5. KARAKTERISTIK KARYA SASTRA ANGKATAN 1950

a. Cerita perang mulai berkurang, karena Indonesia sudah merdeka selama 5 tahun, dan
konflik yang dialami bukan lagi soal perang, tapi tentang kesejahteraan.
b. Menggambarkan kehidupan masyarakat sehari-hari.
c. Kehidupan pedesaan dan daerah mulai digarap. Ada sisi lain dari kehidupan pedesaan
dan daerah yang digarap oleh para sastrawan.
d. Banyak mengemukakan pertentangan-pertentangan politik
e. Mengungkapkan masalah social, kemiskinan, pengangguran, perbedaan kaya miskin
yang besar, dan belum ada pemerataan hidup.

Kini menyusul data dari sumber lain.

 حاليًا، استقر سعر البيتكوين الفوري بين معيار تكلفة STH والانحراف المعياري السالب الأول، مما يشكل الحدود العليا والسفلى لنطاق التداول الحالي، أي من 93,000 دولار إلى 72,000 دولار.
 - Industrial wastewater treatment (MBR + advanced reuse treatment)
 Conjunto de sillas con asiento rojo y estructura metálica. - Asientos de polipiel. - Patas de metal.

f. Banyak mengemukakan cerita-cerita dan kepercayaan rakyat sebagai pokok-pokok sajak
balada.

6. PERBEDAAN KARYA SASTRA PERIODE 50 DAN ANGKATAN 45

a. Pada periode 50 gaya bercerita dalam karya sastra murni hanya menyajikan cerita tanpa
menyisipkan komentar,pikiran,atau pandangan, tergantung bagaimana pembaca
menafsirkannya. Sedangkan dalam angkatan 45 mengutamakan isinya untuk mencapai
tujuan tersendiri yaitu berisi maksud, gagasan, pikiran atau pandangan pengarang.

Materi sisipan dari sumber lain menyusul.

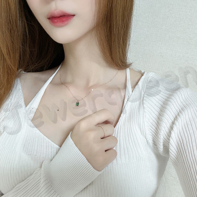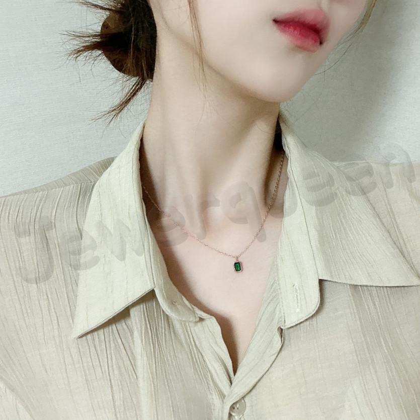 Necklace 여자 목걸이 14k 스퀘어 펜던트 에멜 목걸이

b. Pada periode 50 tema cerita lebih banyak tentang masalah sosial yang umum seperti
social, kemiskinan, pengangguran, perbedaan kaya miskin yang besar. Sedangkan pada
angkatan 45 tema cerita banyak tentang perang, penderitaan rakyat, dan perjuangan untuk
memperjuangkan kemerdekaan.
c. Pada periode 50 karya sastra banyak mengemukakan cerita-cerita dan kepercayaan rakyat
sedangkan pada angkatan 45 karya sastra tidak terikat oleh konvensi masyarakat, yang
terpenting adalah mencapai nilai kemanusiaan dan perdamaian dunia.